I'm new to soapmaking, but from what I've read any coconut scent you can find is going to be a FO and completely fake.

On the one hand I want to make all natural soap without any FO, but on the other hand I REALLY love coconut smell!

Do anyone think it would be possible to get a good coconut smell by infusing coconut meat in oil?


----------



## dagmar88 (Jul 9, 2013)

:wink: You can't have your cake and eat it too.
If you want to keep your products "as natural as possible" (not so much with lye, chemically extracted oils and EO's that often contain added aroma-chemicals) your fragrance options will be limited.
No fruits other than citrus.

Finding a true fresh coconut FO that sticks and does not morph is like trying to catch a unicorn anyway :razz:


----------



## savonierre (Jul 9, 2013)

What dagmar said.

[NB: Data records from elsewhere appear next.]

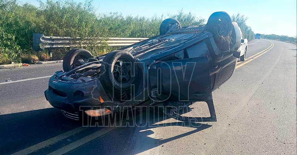 Mujer sale ilesa tras volcadura en Nuevo Laredo
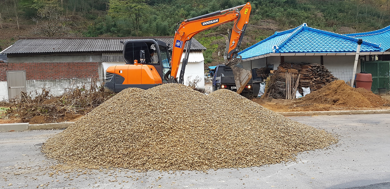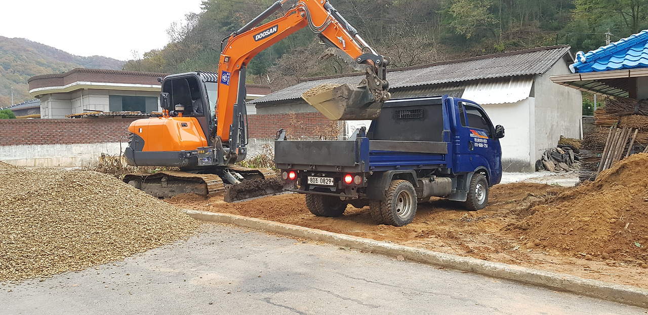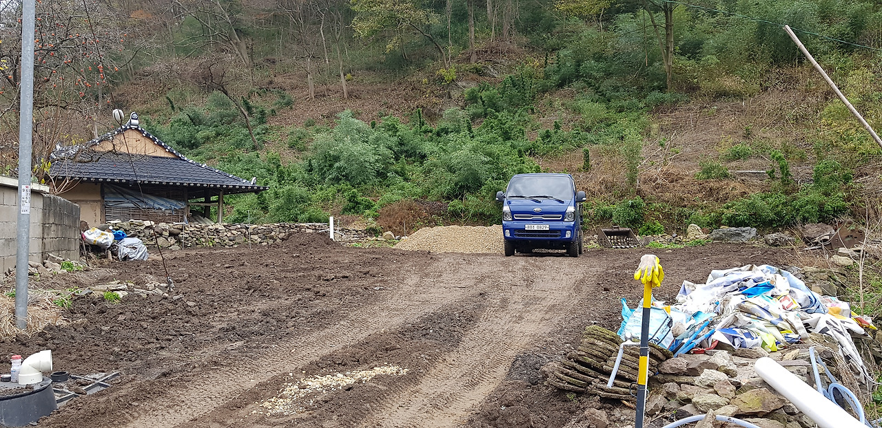 진입로가 좁아 밭주인의 양해를 구해 1톤 트럭으로 골재를 옮겼다. 이젠 이웃이 될 시골 인심이 고마웠다.
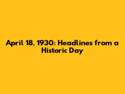 April 18, 1930: Headlines From A Historic Day
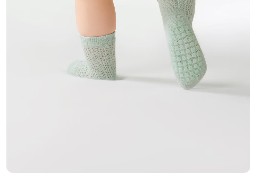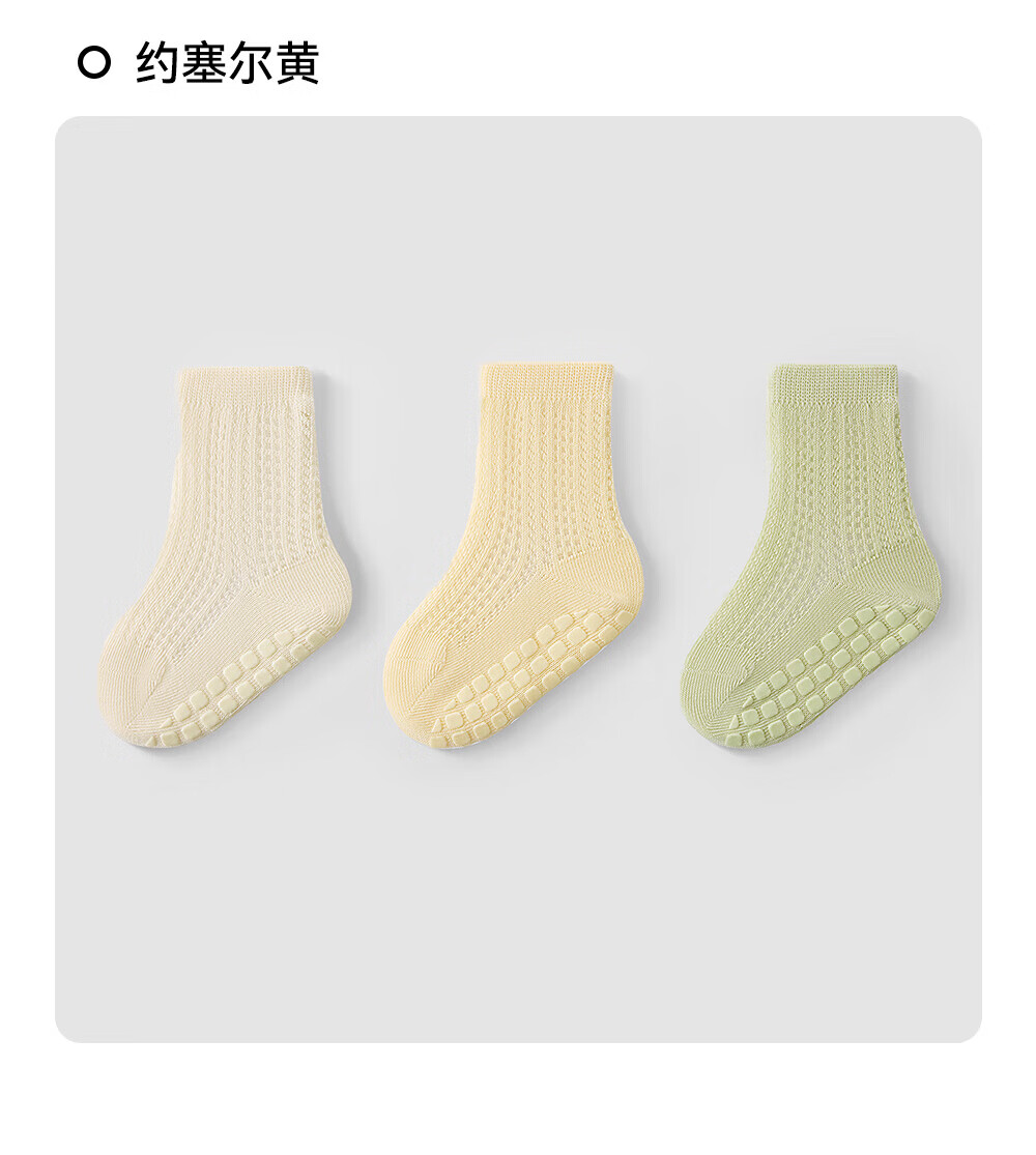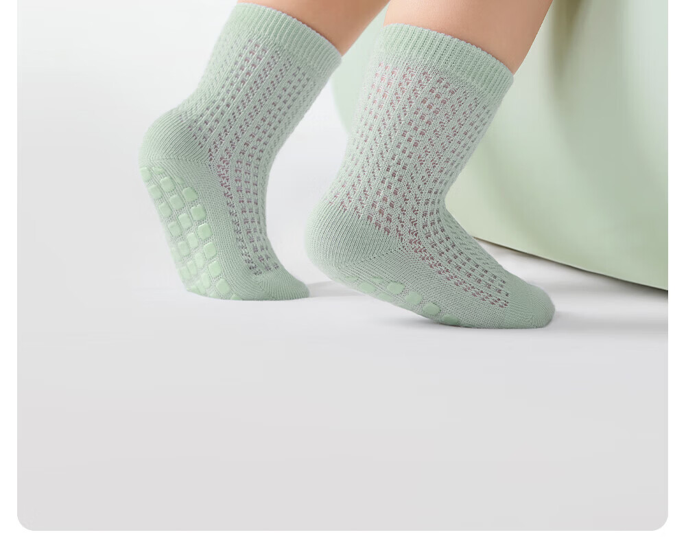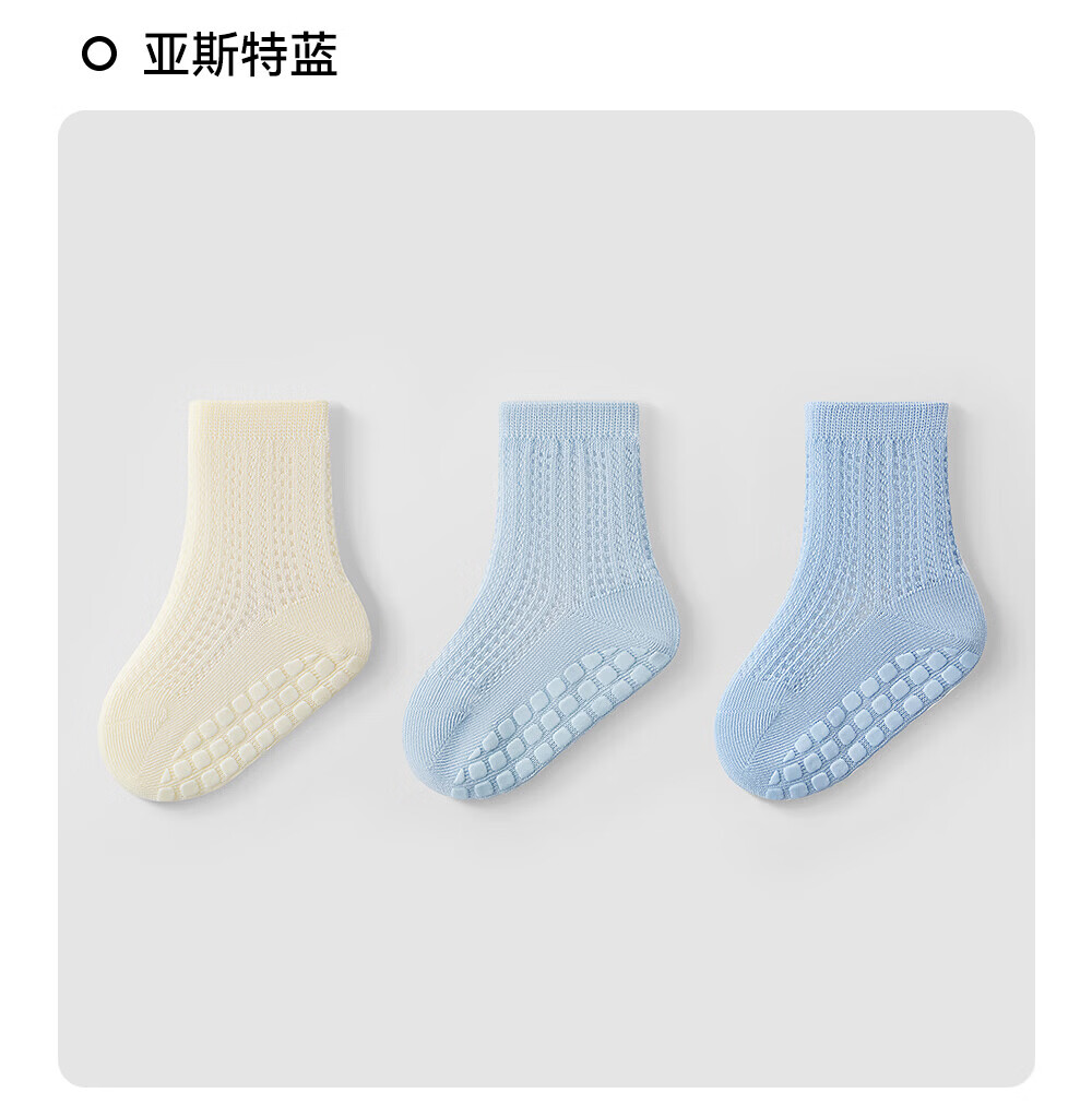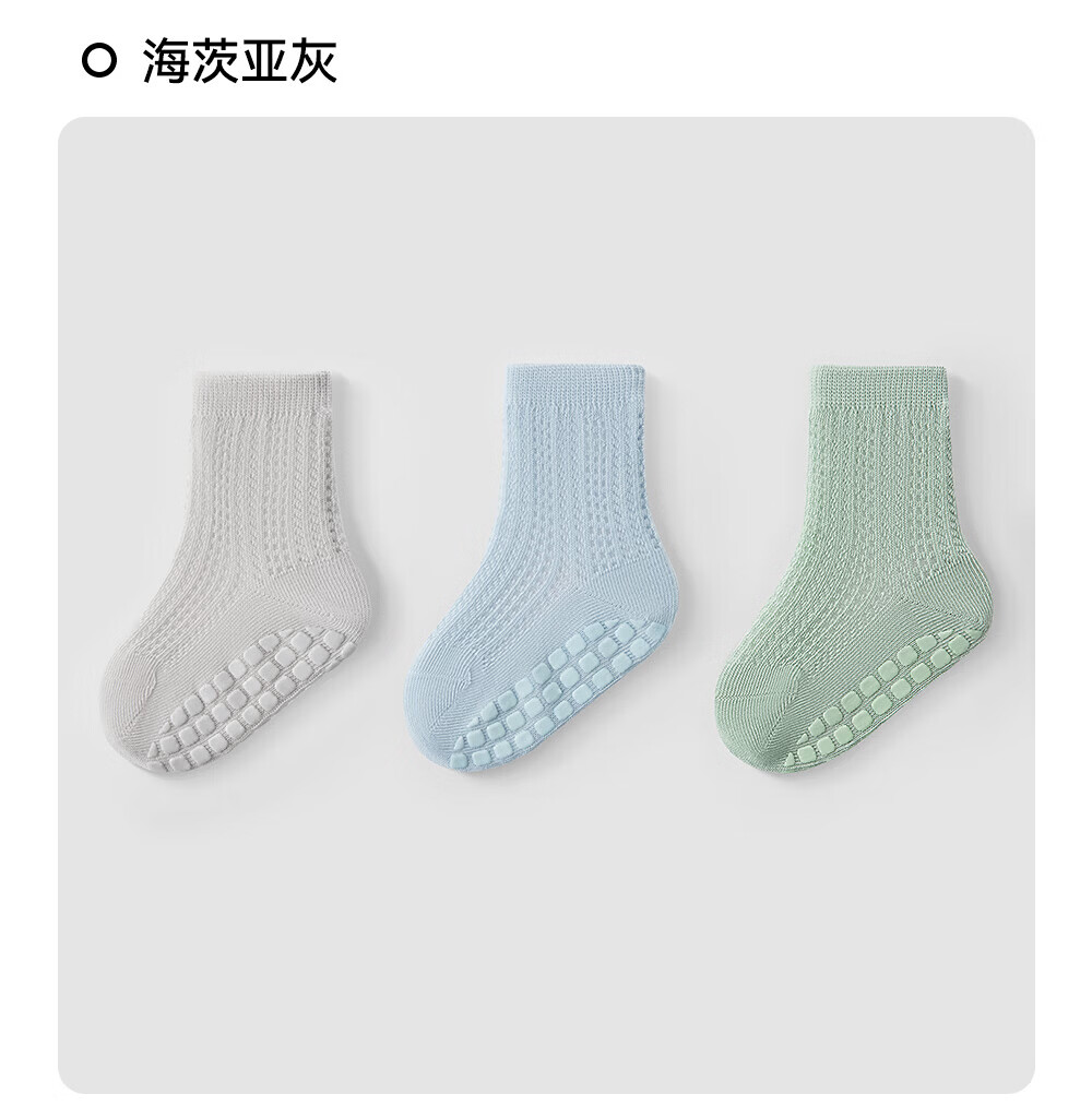 贝肽斯宝宝防滑地板袜夏婴儿袜子薄款网眼儿童学步室内中筒袜子 海茨亚灰 3双 1-3岁 【适合脚长12-14cm】
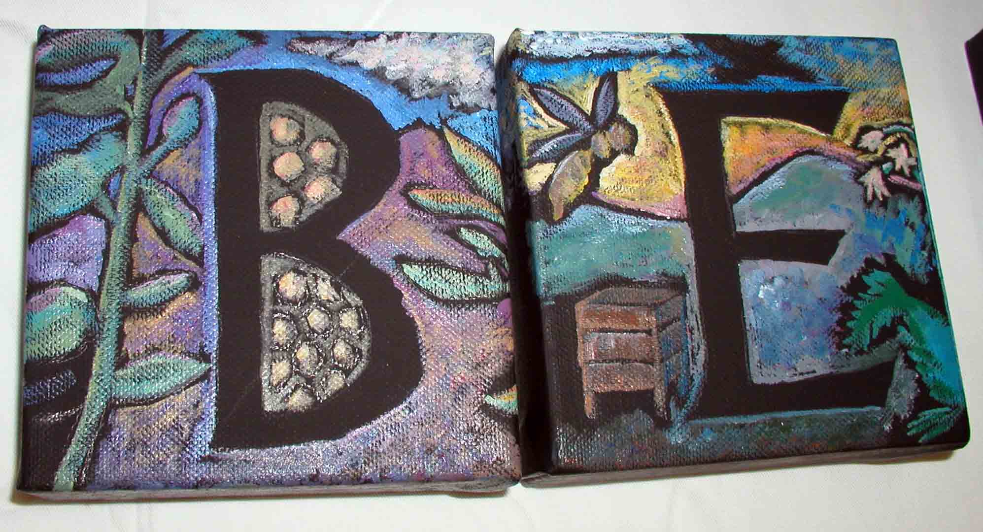 My 3 letter word became BEE. Acrylic paint on 5″x5″ canvas.
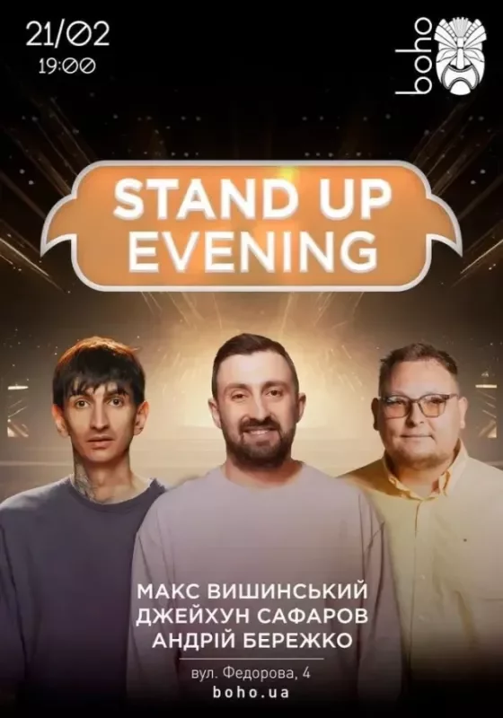 На сцені розкішного ресторану «Boho» виступатимуть справжні зірки українського стендапу. Добрий та інтелігентний Макс Вишинський, колоритний та щирий Джейхун Сафаров, різкий та непередбачуваний Андрій Бережко.
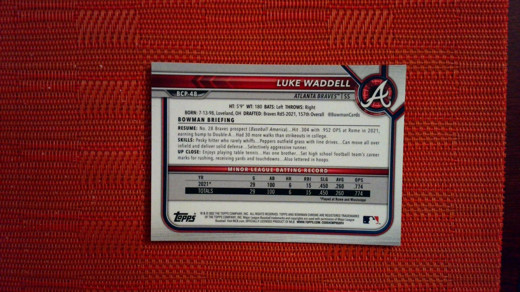 2022 Bowman Base Chrome Mega Box Mojo #BCP-48 Luke Waddell Baseball
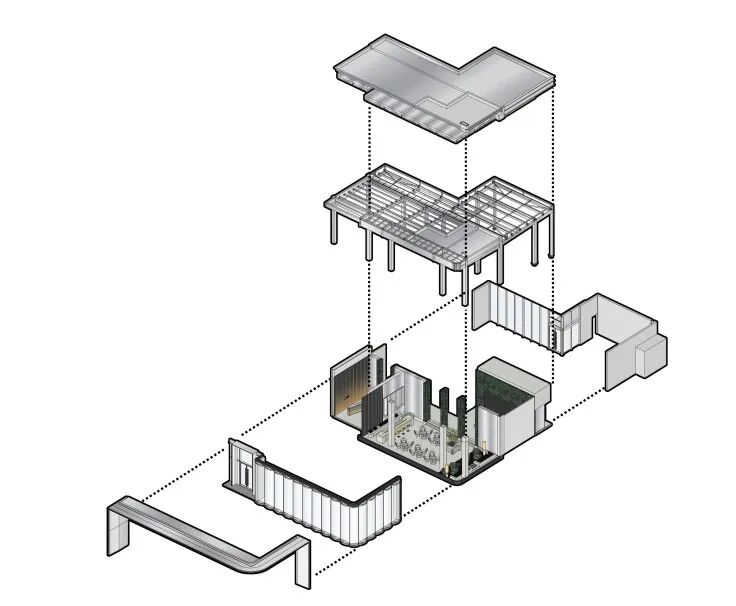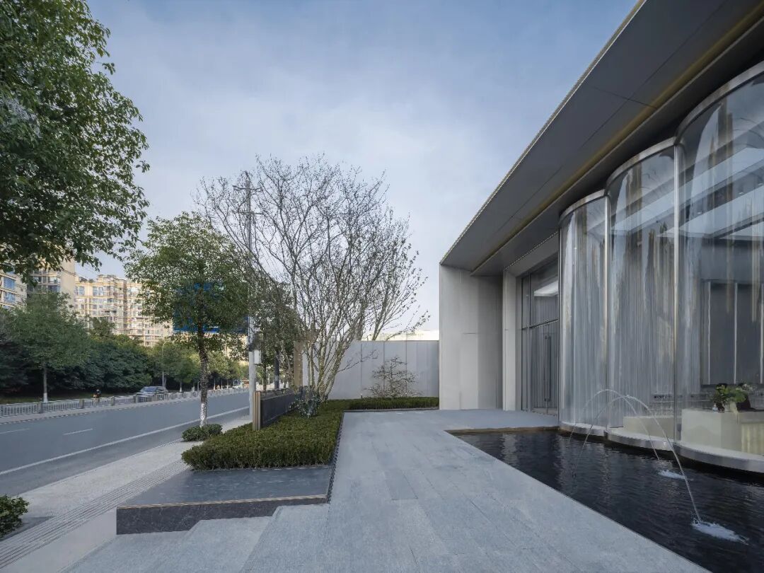 建筑以L形体量占据城市街角,尽可能扩大展示面。洽谈区位于景观最优处,室内局部下沉的处理手法,增强了空间限定感,也让洽谈区临水一侧更亲水。
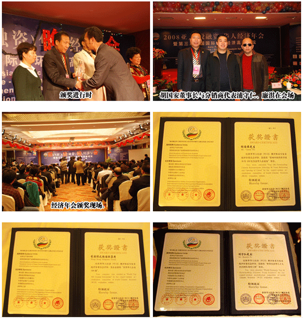 綠之韻集團胡國安董事長受邀全程出席此次會議,綠之韻集團榮獲“世界華人企業(yè)500強”榮譽大獎,胡國安董事長個人被評為“影響中國改革開放30年100位杰出華人企業(yè)家”, 全國工商聯(lián)副主席孫曉華為胡國安董事長頒獎; 綠之韻分銷商管理委員會會長浦守仁獲“2008年世界經(jīng)濟華人十大杰出團隊領(lǐng)導(dǎo)人獎”。
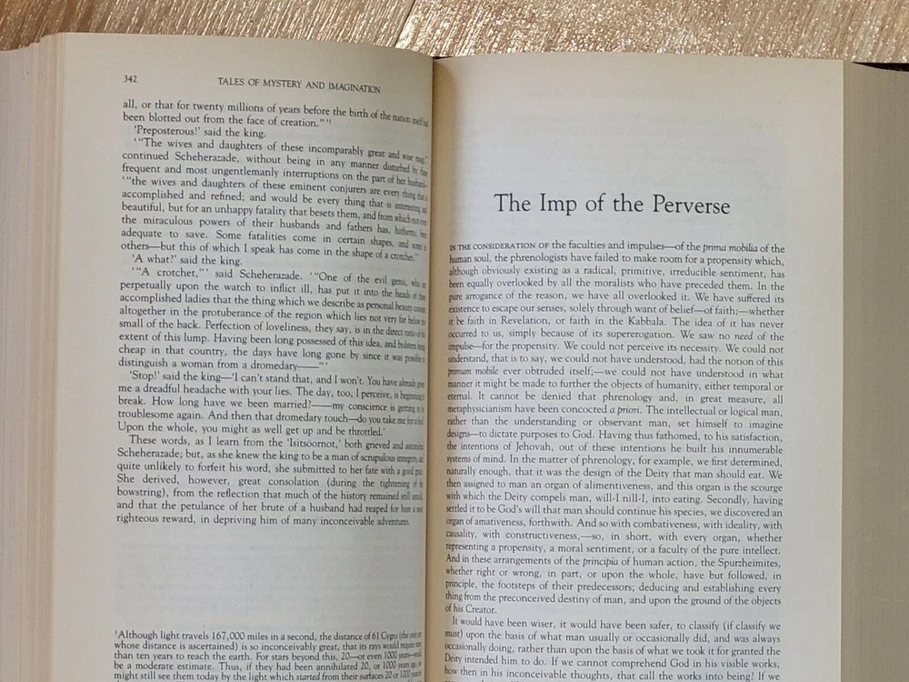 Edgar Allan Poe - The Complete Tales of Mystery and Imagination. Bonded Leather. Minor shelf wear and some yellowing of pages at the top and side (see photos). Spine/binding fully intact with sharp page corners. Ships quickly and for free via USPS Media Mail.

It is next door to impossible to find a true Coconut fragrance, ime.


----------



## green soap (Jul 9, 2013)

Not easy for soap, but you can make a wonderfully coconut scented lotion bar using unrefined coconut oil as one of the oils.  Make sure the cocoa butter is deodorized if you use CB, otherwise it will overwhelm the coconut scent.


----------